Choir Boy
- Author: Charlie Jane Anders
- Language: English
- Genre: Fiction
- Published: April 5, 2005
- Publisher: Soft Skull Press
- Publication place: United States
- Pages: 320 pp

= Choir Boy (novel) =

2005 novel by Charlie Jane Anders

Choir Boy is a 2005 novel by Charlie Jane Anders.

==Plot==
Berry, a 12-year-old boy, wants nothing more than to remain a choirboy. Desperate to keep his voice from changing, Berry tries to injure himself, and then convinces a clinic to give him testosterone-inhibiting drugs that keep his voice from deepening but also cause him to grow breasts. Suddenly Berry's thrown into a world of unexpected gender issues that push him into a universe far more complex than anything he's ever known.

==Reception==
Choir Boy won the 2005 Lambda Literary Award for Transgender Literature.

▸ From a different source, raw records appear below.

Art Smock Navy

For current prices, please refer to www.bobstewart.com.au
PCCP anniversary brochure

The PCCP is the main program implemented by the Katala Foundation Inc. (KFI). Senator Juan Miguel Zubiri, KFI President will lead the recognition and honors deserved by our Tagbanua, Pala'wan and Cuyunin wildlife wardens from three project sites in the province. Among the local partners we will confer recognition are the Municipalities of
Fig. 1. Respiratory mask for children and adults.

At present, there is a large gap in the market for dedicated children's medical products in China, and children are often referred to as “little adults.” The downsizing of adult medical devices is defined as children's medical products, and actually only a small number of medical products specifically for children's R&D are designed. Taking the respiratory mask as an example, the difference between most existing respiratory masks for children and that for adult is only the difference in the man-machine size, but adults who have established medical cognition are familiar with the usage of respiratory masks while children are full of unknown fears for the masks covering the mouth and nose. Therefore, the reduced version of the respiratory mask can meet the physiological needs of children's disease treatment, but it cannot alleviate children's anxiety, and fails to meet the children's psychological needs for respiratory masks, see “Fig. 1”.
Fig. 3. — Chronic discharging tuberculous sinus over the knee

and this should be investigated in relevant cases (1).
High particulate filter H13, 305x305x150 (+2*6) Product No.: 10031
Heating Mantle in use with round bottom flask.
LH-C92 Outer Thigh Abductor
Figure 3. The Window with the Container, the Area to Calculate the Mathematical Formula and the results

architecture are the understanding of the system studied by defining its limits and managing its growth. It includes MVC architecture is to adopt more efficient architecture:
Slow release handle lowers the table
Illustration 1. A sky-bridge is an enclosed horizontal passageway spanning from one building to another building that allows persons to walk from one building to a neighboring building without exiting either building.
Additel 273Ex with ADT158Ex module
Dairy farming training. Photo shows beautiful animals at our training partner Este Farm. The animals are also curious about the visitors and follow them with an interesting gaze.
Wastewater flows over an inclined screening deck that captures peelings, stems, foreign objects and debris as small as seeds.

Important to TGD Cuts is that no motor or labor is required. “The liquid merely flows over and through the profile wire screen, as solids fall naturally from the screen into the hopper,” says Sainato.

Tikkun described it as "engaging", noting its "believable, frustrating quality", and lauded Anders for "handl[ing] issues of gender (and religion, race, and class) with a light touch."

Kirkus Reviews called it "groundbreaking and unflinching", with Berry's story being "memorable", but overall faulted it for a "lack of a cohesive voice and too much figurative language", with "[a]trocious metaphors, sloppy editing and too many pithy observations [that] detract from the prose."